_The data:_
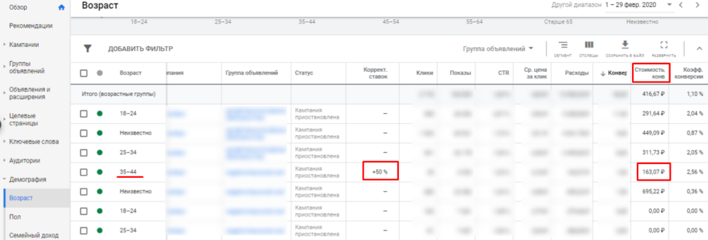 Для эффективных сегментов повышаем корректировки. Например, при анализе данных системы аналитики мы выяснили, что самые дешевые конверсии приносят пользователи в возрасте 35-44 лет. Для этого сегмента устанавливаем повышающую корректировку:
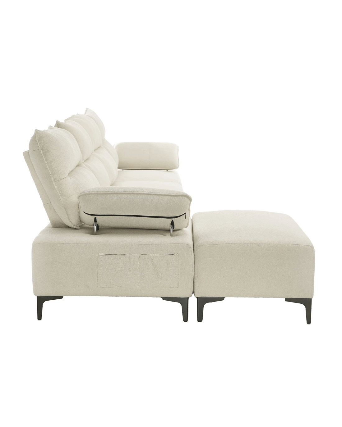 Adjustable armrests and sewn-in side pockets in each armrest enable your reading materials and even entertainment paraphernalia to be close at hand. Plus, the movable Ottoman (model set specific) also allows you to change its position to the left or right at a moment鈥檚 pleasure.
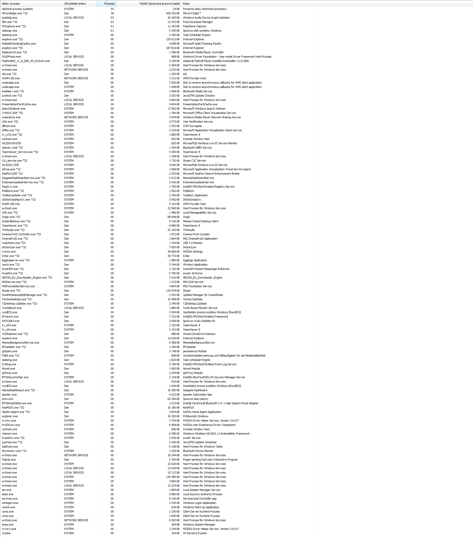 OT: Kouknul jsem na to, a říkal jsem si jak na tom jsem asi po půl roce reinstallu OS já. Procesů mám 50. Svůj správce jsem zavřel a chvilku koukal na ten tvůj. Pak jsem někam překlikl a po chvíli zase otevřel stránku s tebou nahranym obrázkem. A zalekl jsem se a nahlas řekl "tyv*le co mi tak vytěžuje procesor?? co ta paměť??!. Klikám na křížek a nic. Řikám si, "sakra ted se to hryzlo celý.." (a po 5 vteřinách mi došlo, že je to vlastně ten tvůj TaskM.. :D" Omlouvám se za OT, ale docala jsi mě tím pobavil.
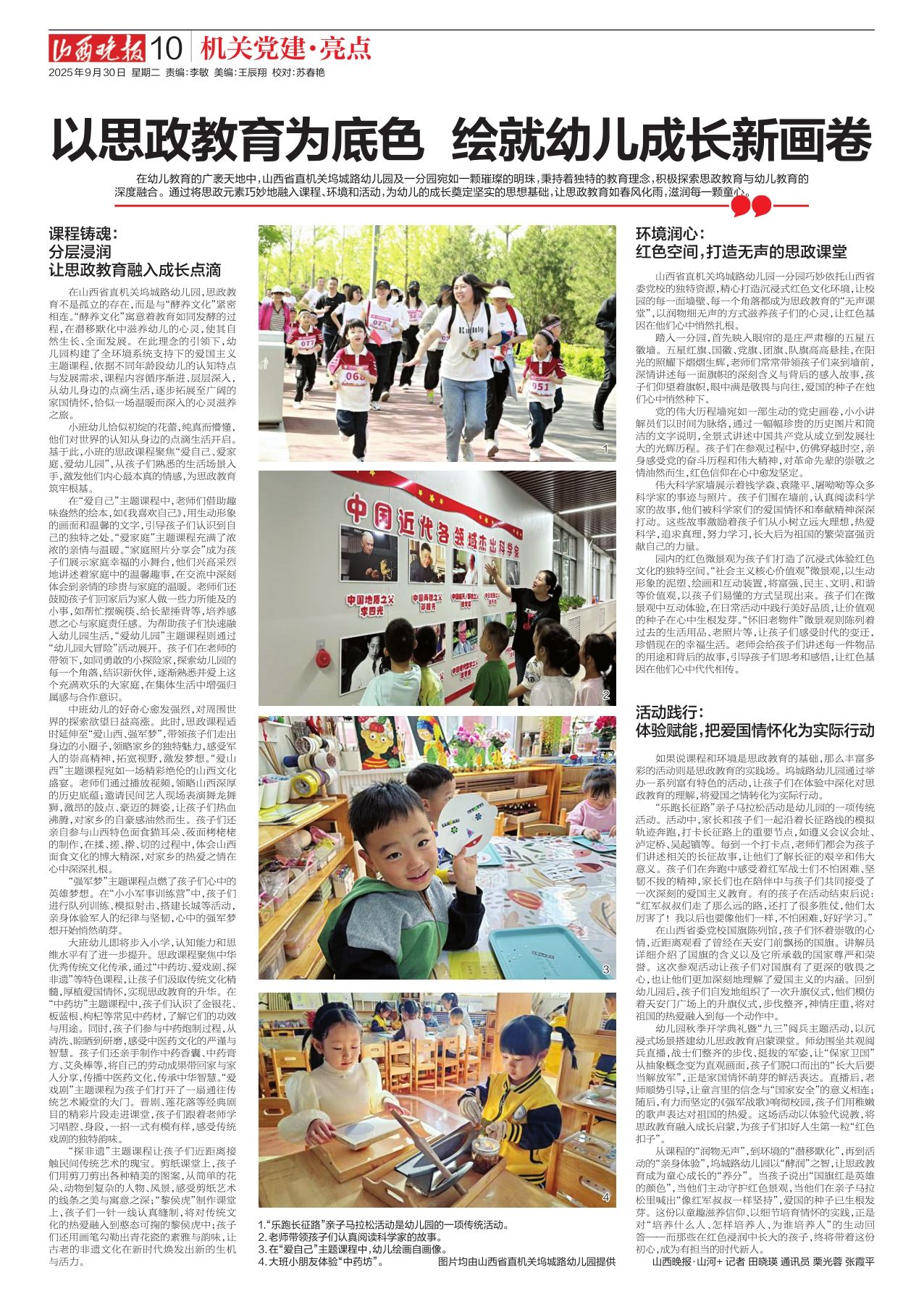 在山西省直机关坞城路幼儿园,思政教育不是孤立的存在,而是与“酵养文化”紧密相连。“酵养文化”寓意着教育如同发酵的过程,在潜移默化中滋养幼儿的心灵,使其自然生长、全面发展。在此理念的引领下,幼儿园构建了全环境系统支持下的爱国主义主题课程,依据不同年龄段幼儿的认知特点与发展需求,课程内容循序渐进、层层深入,从幼儿身边的点滴生活,逐步拓展至广阔的家国情怀,恰似一场温暖而深入的心灵滋养之旅。

_What to produce:_
Reproduce verbatim the opening line of the material and every line after it, up to and including the line with "Adjustable armrests and", but no pictures.

_Written response:_
 Для эффективных сегментов повышаем корректировки. Например, при анализе данных системы аналитики мы выяснили, что самые дешевые конверсии приносят пользователи в возрасте 35-44 лет. Для этого сегмента устанавливаем повышающую корректировку:
 Adjustable armrests and sewn-in side pockets in each armrest enable your reading materials and even entertainment paraphernalia to be close at hand. Plus, the movable Ottoman (model set specific) also allows you to change its position to the left or right at a moment鈥檚 pleasure.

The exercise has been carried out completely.